2. Application of Article III of the Avoidance of Double Taxation Agreement (AADT) with Denmark.
3. Interpretation of "industrial and commercial profits" under Article III of AADT.
4. Applicability of Article XIV of AADT to the fees received.
5. Application of Section 9(1)(vii) of the Income-tax Act, 1961.

Summary:

1. Taxability of Fees Received by the Assessee:
The primary issue in this appeal is the taxability of Rs. 20,11,527 received by the assessee, a Public Limited Company registered in Denmark, for conducting preliminary studies, collecting data, and preparing a feasibility report for the Trans-Harbour Communication Link between Bombay and the Mainland. The Income-tax Officer (ITO) concluded that the fees were for technical services rendered in India and thus taxable under section 9(1)(vii) of the Income-tax Act, 1961, and Article XIV of the AADT with Denmark.

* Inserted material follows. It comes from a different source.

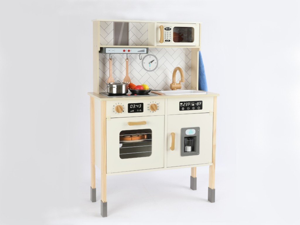 - Készülékek – a gyerek konyha a szükséges készülékekkel van felszerelve: tűzhellyel, sütővel, jégkészítővel, mikrohullámú sütővel és elszívóval.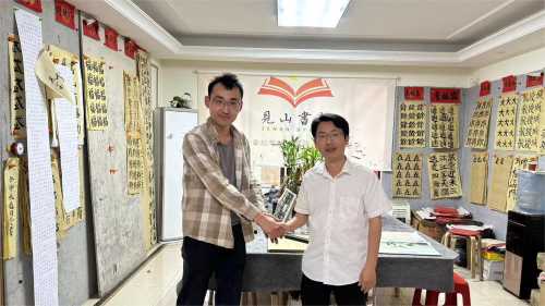 此行对广西规模最大的儿童美术教育机构之一的广西南宁见山教育咨询有限公司进行参观考察。该公司在南宁有数十处教学基地,主要针对少年书法方向、国画方向开展教学培训工作。校企双方均期待以校企合作的形式为双方进一步深层次合作的开展搭建平台,在表达对企业院校人才培养新思路的探究下,签订校企合作协议。签约双方就书法学专业毕业生就业问题及专业发展前景展开讨论,并一致达成“平等协商,互惠互利”的合作方针,根据书法学专业就业需求,制定就业实习计划,全面保证学生就业质量。(李东垚 摄)

2. Application of Article III of AADT:
The ITO argued that Article III of AADT did not apply as the assessee had no permanent establishment in India. However, the Tribunal rejected this contention, stating that Article III provides exemption from taxability of profits in one territory if derived from a permanent establishment in the other territory. Since the assessee had no permanent establishment in India, Article III should apply, exempting the fees from tax.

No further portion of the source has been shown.